With the sixteenth century our prose literature begins a new era, though the writers are still far from being of any use as models of style. In spite of the encouragement given to English writing by the establishment of printing, some of the most distinguished authors of the time wrote chiefly in Latin, being ambitious of a wider audience than the English-reading public. The high-minded Bishop FISHER, who in 1535, at the age of seventy-five, was put to death for denying the king's ecclesiastical supremacy, wrote copiously in Latin in defence of the Catholic tenets, and left only a few sermons in English. Bishop BALE, a generation later (14951563), a champion on the Protestant side, is known chiefly by his 'Lives of Eminent English Writers, from Japhet down to 1559,' a work written in Latin. He wrote in English some bitter controversial tracts, and an account of the examination and death of the Protestant martyr Sir John Oldcastle. Sir Thomas More wrote his Utopia' in Latin. Still, this century begins with a greatly increased activity in the production of original English works.

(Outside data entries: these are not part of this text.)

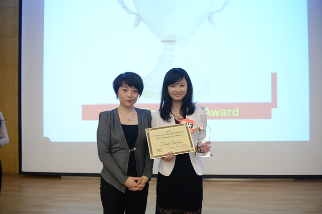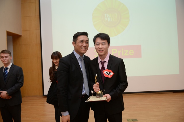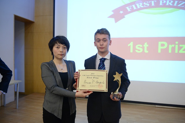 最终大二国际生Bruno 以89分的高分摘得职业规划大赛冠军桂冠;来自大一会展专业的袁小禾以86.2的高分获得亚军;来自大二电子信息科学与技术专业的王天立同学获得三等奖;来自大一商务管理专业的张书韵通过现场观众投票荣获最佳人气奖。一等奖奖品是由FESCO Adecco提供,冠军拥有机会竞逐‘中国区CEO一个月’的任期;二等奖是由慕尼黑展览(上海)有限公司提供的管理培训生实习岗位;三等奖获得者将与职场高管共进午餐,获得职场精英的一对一的指点。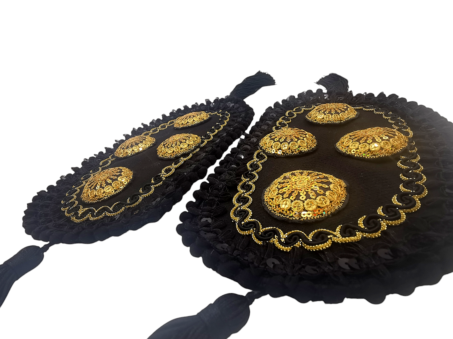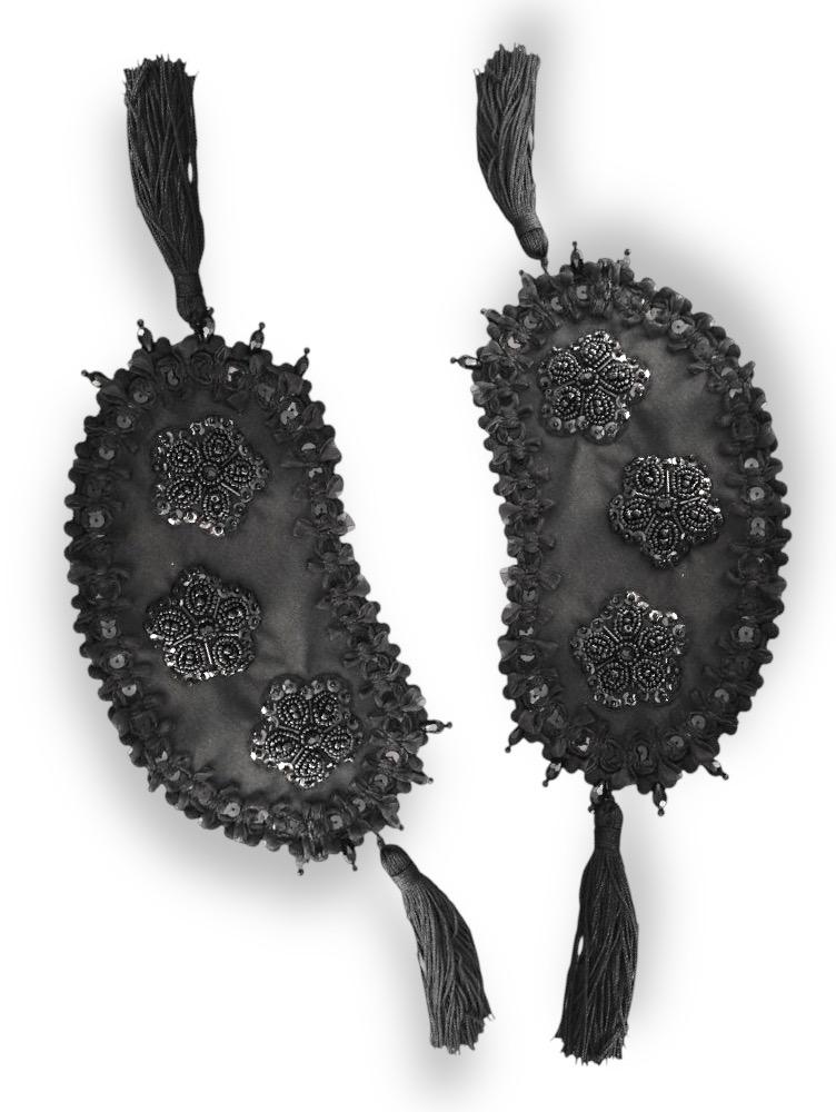Par de hombreras en azabache con la forma que recuerda a las hombreras de los trajes de luces. Decoradas con pasamanerías y cazoletas bordadas en negro y oro. Rematadas con borlas.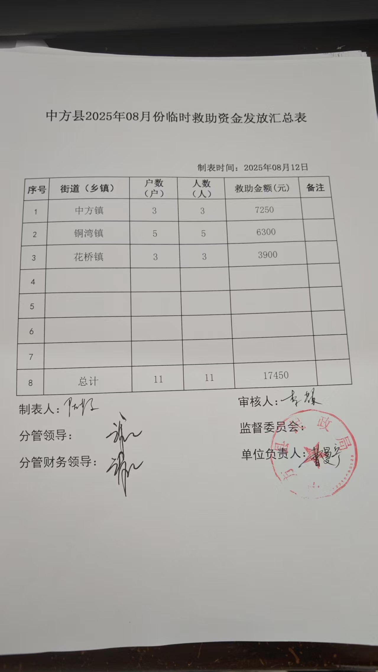 中方县2025年8月临时救助公示表

John Bourchier, Lord Berners, 1474-1532, is known chiefly as the translator of Froissart's Chronicles.' " He was Chancellor of the Exchequer and Governor of Calais, and undertook the translation, which was published in 1523, at the request of the king. It was reprinted in 1812 in the series of English Chronicles. Berners made one or two other translations from French and Spanish. As an educated man and a courtier, he wrote without pedantry the best English of the time; and by that time, chiefly under Italian influence, a much more ornate, balanced, and compact style began to come into use. If we compare any of Caxton's translations with Berners's Froissart, we are struck at once with a decided advance in point of form. By the end of Henry VIII.'s reign, we can distinctly see the stylistic tendency which reached an extravagant height in the prose of John Lyly.

Sir Thomas More, 1480-1535, first layman Chancellor of England, author of 'Utopia,' is perhaps the first of our writers whose prose displays any genius; and his 'Life of Edward V.' is pronounced by Mr Hallam to be "the first example of good English

language, pure and perspicuous, well chosen, without vulgarisms or pedantry."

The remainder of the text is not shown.